You mean something like this (pardon the aweful picture)?
That would be quite useful if made mandatory. I guess not every EA title can define every milestone until launch early on, but those should receive an extra warning from valve or mustn't be sold above a certain price.
It would be easy for a customer to see, if the development is coming along nicely and if not, the dev-team will surely put out an explanation and the customer has been warned.
No I meaned more like:
"Hello. We are making the most awesome game ever called supergame. EA build is Alpa 0.8 and is all we have for now. We are going to add features 1-5 later in developement as the game goes on. Here is our milestone list.
alpha.08 50%
Feature1 60% New UI
Feature 2 70% Gravity
Feature 3 75% Stones
Feature 4 80% Targets for stones
Feature 5 100% Throwing the stones
And we plan to continue developement of the final game after release to expand our sales."
So if supergame was 10$ EA they would get 3.5$ (50% of 10$-30% valvecut) initialy from sale and if the game has 1000 copies sold when it hits feature 1 they would get 700$ from the earlier sales and then get 4.2$ going onward from every sale.

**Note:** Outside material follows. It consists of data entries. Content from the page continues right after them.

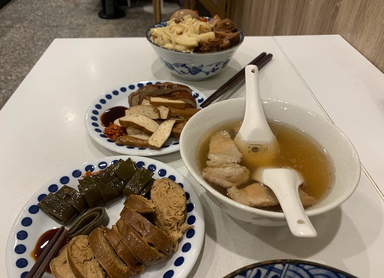 東西很簡單,味道有種單純的美好,豆包好吃,控肉有點太硬不是軟嫩的那種,餐具很講究都是瓷器的很讚
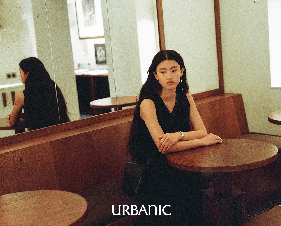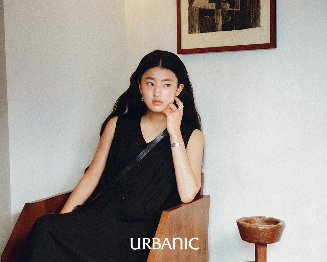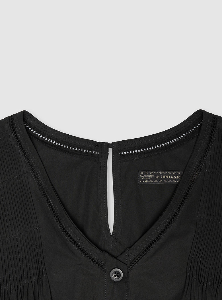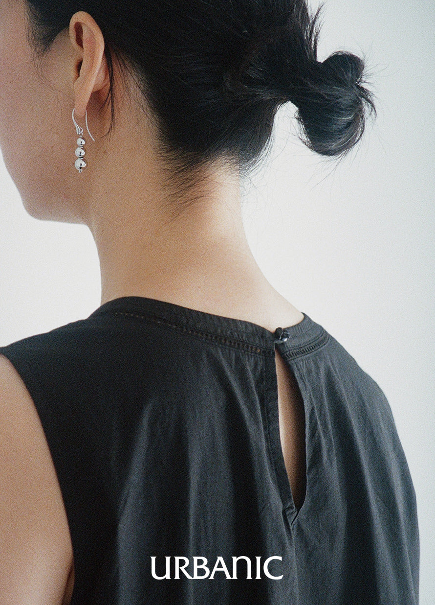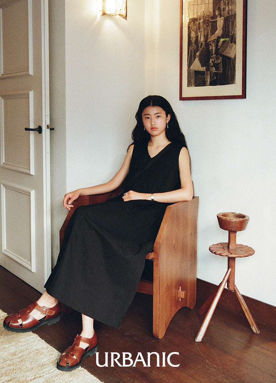 Delicate folds fall from just beneath the shoulders, softly shaping the upper body before opening into a gentle flare. The wide hemline anchors the silhouette, adding volume without weight—measured, composed, and effortlessly graceful.
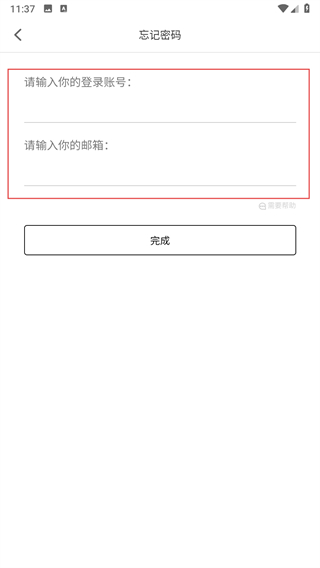 4、輸入登錄賬號和郵箱,輸入完成后點擊完成按鈕。
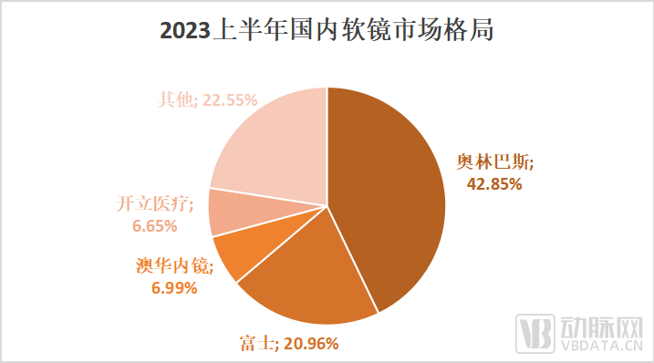 软镜领域,相比于2021上半年奥林巴斯、富士、宾得垄断市场份额前三,2023上半年国内厂商终于挤进了软镜市场排行榜前列。众成医械统计的数据显示:2023上半年,国内公立医院软镜中标排名中,澳华内镜和开立医疗分别占据第三、第四位,打破了以往海外品牌包揽前四的市场格局。
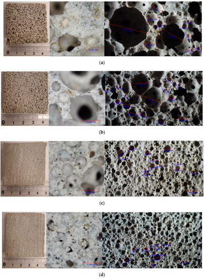 Macrostructure and microstructure of ternary system binder foams. (a) GCP-BG-1, (b) GCP-BG-2, (c) GCP-PG-1, (d) GCP-PG-2.
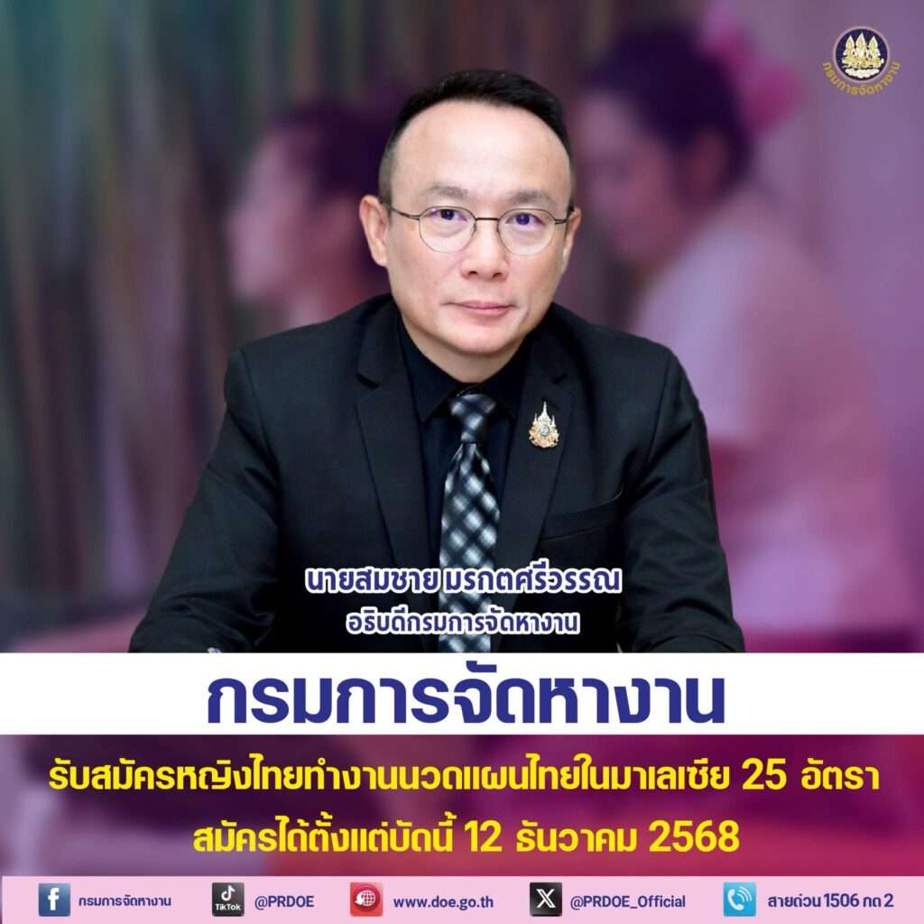 ข่าวดี! กรมการจัดหางาน รับสมัครหญิงไทยไปนวดแผนไทยในมาเลเซีย 25 อัตรา หนุน“คนไทยต้องมีงานทำ”

This basicly means the dev can determine how complet they feel the EA first build is of the game, then how important they feel the promised features are and at what featurepoint they feel the game is 100% ready and they may promise to do more but want to get 100% money before adding those features to extend the games lifetime after release. If the game project would be cancelled/ended before 100% the rest of the % would be returned to customers steamwallets. Making it smaller risk for customers, and less hasle for steam.
This way we avoid DF-9 Situation what would probaly launch with 0-2 feature goals taking them up to 95% and then having load of goals after that. So we could see that theyre not confident in having the money/resources to fund the game longer before needing the money out of steam. So we could more easily see the risk curve.
This method would not force the developers to do milestones like for publishers what they hate, but would more easily show customers how commited they are hitting those features. There would be no timegoals set.